St. Michael and All Angels Church, in Bassett, Southampton, is an Anglican parish church which dates from the late 19th century.

==Location==
The church is situated on the eastern side of Bassett Avenue, Southampton, described by Pevsner & Lloyd as "part of the splendid tree-lined route into Southampton from Winchester, London and the north".
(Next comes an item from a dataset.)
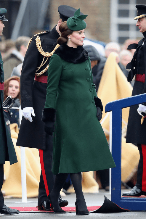 10. La Saint Patrick va bien à la duchesse. Elle porte bien le vert et j’aime toutes ses tenues pour cette occasion. Ici, si j’aime l’ensemble de ses accessoires, bibi et manteau compris, l’ensemble a un petit côté rétro dont je ne sais que penser, si ce n’est que le manteau était effectivement mieux porté il y a un mois et que le chignon de profil n’est pas particulièrement harmonieux. Par contre, quelle belle mine ! Un beau couple.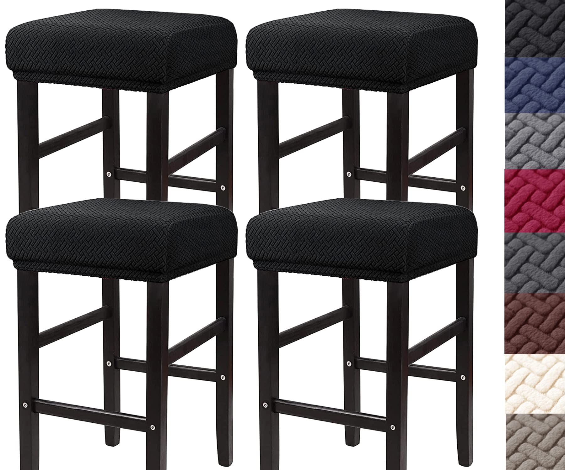 HFCNMY Stool Covers Round,4 Pack Stretch Round Bar Stool Covers Washable Bar Stool Seat Covers Stool Cushion Slipcover Elastic Bar Chair Covers for 13-18 Inch Chair (Black)

The church is in the parish of North Stoneham and Bassett and has the largest congregation of the three churches in the parish.

==Architecture==

===Exterior===
The church exterior, in plain red stock brick with Monks Park stone dressings for the doors and windows, slated roof and small bell-turret on its western gable, is not particularly impressive; but with its concrete vaulted roof supported on stone ribs, Pevsner and Lloyd, in their Buildings of England: Hampshire and the Isle of Wight, considered that it has "an intriguing and distinguished design internally".

===Interior===
The church has a nave with four broad rib-vaulted bays separated from the chancel by a rood-screen surmounted by a carving depicting the Crucifixion of Jesus.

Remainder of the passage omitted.